Review the general features of the various character sets enough
to answer true/false questions.


Basic storage and Character lectures

ASCII    Wikipedia topic : ASCII

  What does ASCII stand for?   

  What is the size of an ASCII character.  (bit width)

  How many characters can it represent? 

  How many 'printable' characters are defined?

  How many control characters are defined?


EBCDIC   Wikipedia topic : EBCDIC

  What does EBCDIC stand for?
  
  What is the size of an EBCDIC character.  (bit width)

  How many characters can it represent? 
    256 possible but not all values assigned an actual character.


Look at the basic feature of UTF-8. 
  Number of bytes for a code point.

  Where most commonly used.

Look at the basic feature of UTF-16. 
  Number of bytes for a code point.

  Where most commonly used.


Unicode defines 17 planes (major groupings) athough many not in use.
  Plane 0 - Basic Multilingual (most modern languages)

  Plane 1 - Supplementary Multilingual Plane 
    math symbols, music symbols, hieroglyphs, board game symbols 
    (dominos, Mah Jongg, etc.)

  Plane 2 - Supplementary Ideographic Plane  
   (CJK) Chinese, Japanese, Korean.
  
  Planes 3 to 13 - unassigned

  Plane 14 - Supplementary Special Purpose Plane  
    XML formatting characters.
    Variation Selectors - used with CJK to identify alternative ideograms

  Plane 15,16 - priave use. 
    Users can create custom definitions.
    e.g Klingon
  
  Code planes are divided into 256 byte code blocks.
  
  A code block usually can contain the characters of a particular language
    but some languages may take more than 1 block.
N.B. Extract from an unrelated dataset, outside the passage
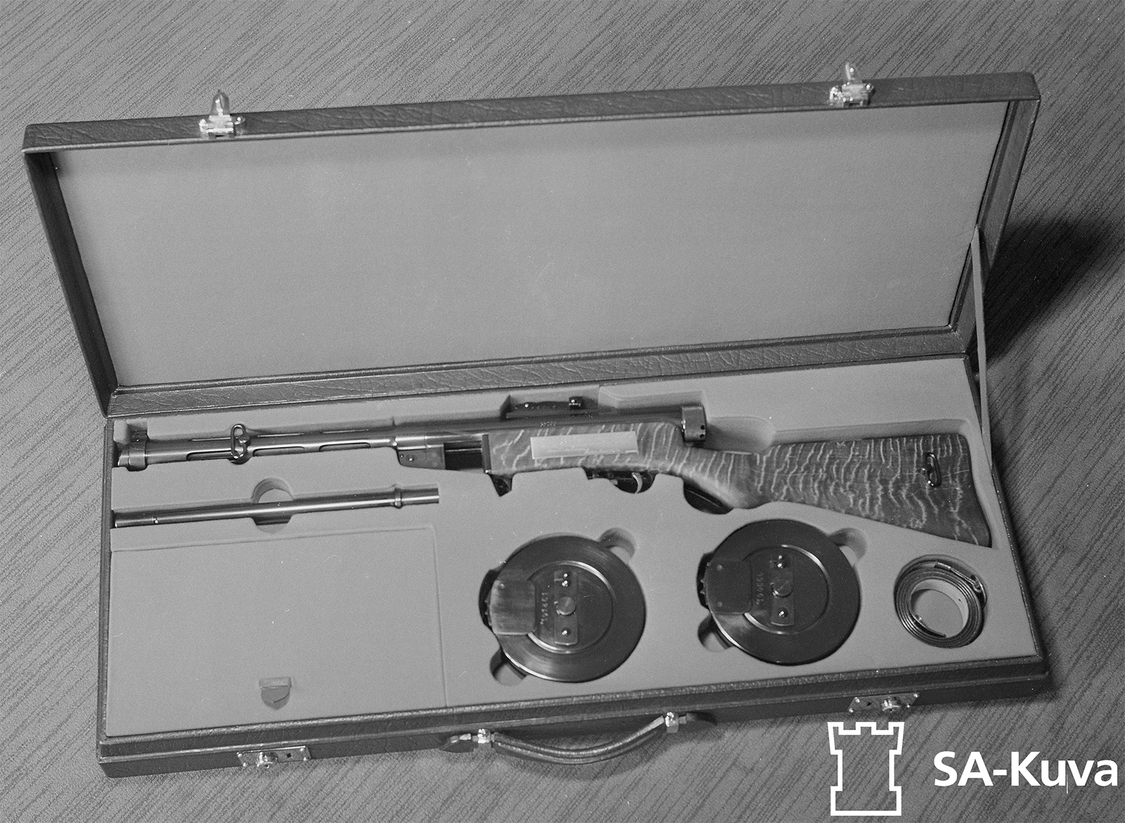 Mannerheimin lahjoittama Suomi-konepistooli. Mukana vaihtopiippu, kaksi lipasta ja kantohihna. Laatikon kannen alla huolto- ja puhdistusvälineet, sekä luistin varajousi.

  A code point is one entry in the code block.

Unicode protocol defines 3 aspects of a character set.
  Wikipedia topic : unicode

  A grapheme is a mimimal meaningful element of a language. It may require
    more than one code-point to be represented.
    wikipedia topic : grapheme  
  
  A glyph is the visual representation of a character in a languages. 
    It may consist of more than one grapheme. Or multiple glyphs may be 
    combined to represent one code-point or grapheme. 
    wikipedia topic : glyph  

  See the following for a nice description :

  https://stackoverflow.com/questions/27331819/whats-the-difference-between-a-character-a-code-point-a-glyph-and-a-grapheme

  Rules - rules determing collating order, left to right or right to left
    display, glyph to use if certain graphemes are next to each other.


Universal Coded Character sets

UCS (Universal Character sets) protocol only assigns  a character to a 
specific code point. 

Visual representation (Glyphs) or rules are NOT covered by the UCS protocol.

UCS-2 
   Code-points defined as 2 byte fixed length storage.
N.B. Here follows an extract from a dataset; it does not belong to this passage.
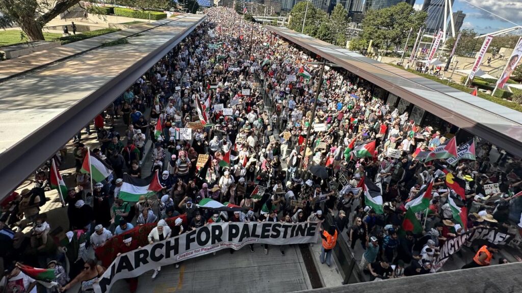 آسٹریلیا کے مختلف شہروں میں اتوار کے روز لاکھوں افراد فلسطین کے حق میں سڑکوں پر نکل آئے۔ صرف سڈنی، ملبورن اور بریزبن سمیت مختلف شہروں میں 3 لاکھ 50 ہزار سے زائد مظاہرین نے اسرائیلی جارحیت کے خلاف اور فلسطین کی آزادی کے حق میں آواز بلند کی۔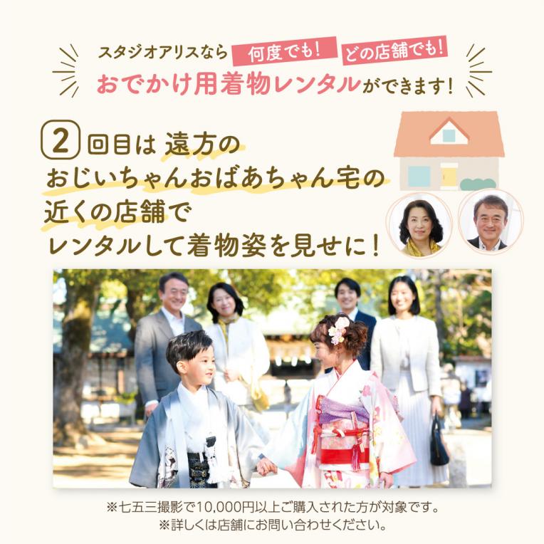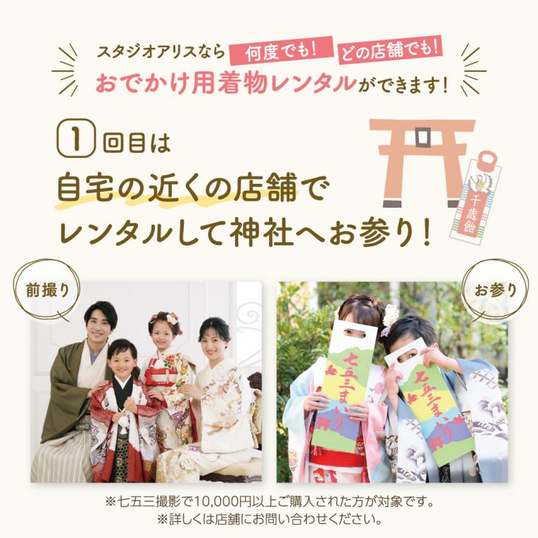 スタジオアリスなら何度でも!どの店舗でも!おでかけ用着物レンタルができます!

   Designed to hold all current (living) written languages.

   Now obsolete, subsumed into UTF-16.

UCS-4 (ISO 10646)
   Code-points defined as 4 byte fixed length storage.

   Incorporates the BMP (plane 0) and the CJK (Plane 2) and other code pages.

   Technically  31 bit characters

   Code points values 0x7FFFFFFF - 0xFFFFFFFF no longer valid.

   Currently incorporated in UTF-32

Unicode Transform Format - protocold defined by the Unicode Consortium.
  Code point assignments includes 
    Unique charater to code point assignment.

    Visualy representation (Glyph)

    And rules for use.

UTF-8 
   Code-points can be 1 to 4 byte depending on code page.

   Used extensively for Web pages. 

   1st block of first plane (1 byte code points) maps ASCII 
     with minimal convertion. 

   Has character sets represent both current languages, historical languages,
     and non-language symbols, such has math, music, etc. 

   Currently the preferred protocol for both data transmission over the 
     Internet and use by most modern OSes, such and Windows 7, 10 and Linux.
 
UTF-16
   Code-points are either 2 bytes or 4 bytes in size depending on code page.

   Used BOM (bit order mapping) to id the most significant byte.

   Preferred by earlier OSes such Windows 3, 98, because of compatibility with 
     word size of system(?). 
    
   Has character sets represent both current languages, historical languages,
     and non-language symbols, such has math, music, etc. 
 
UTF-32 (UCS-4)

   Code-points are fixed 4 bytes in size.

   Usually implemented within a programs storage procedures to provide
   for calculation of predictable storage arrays.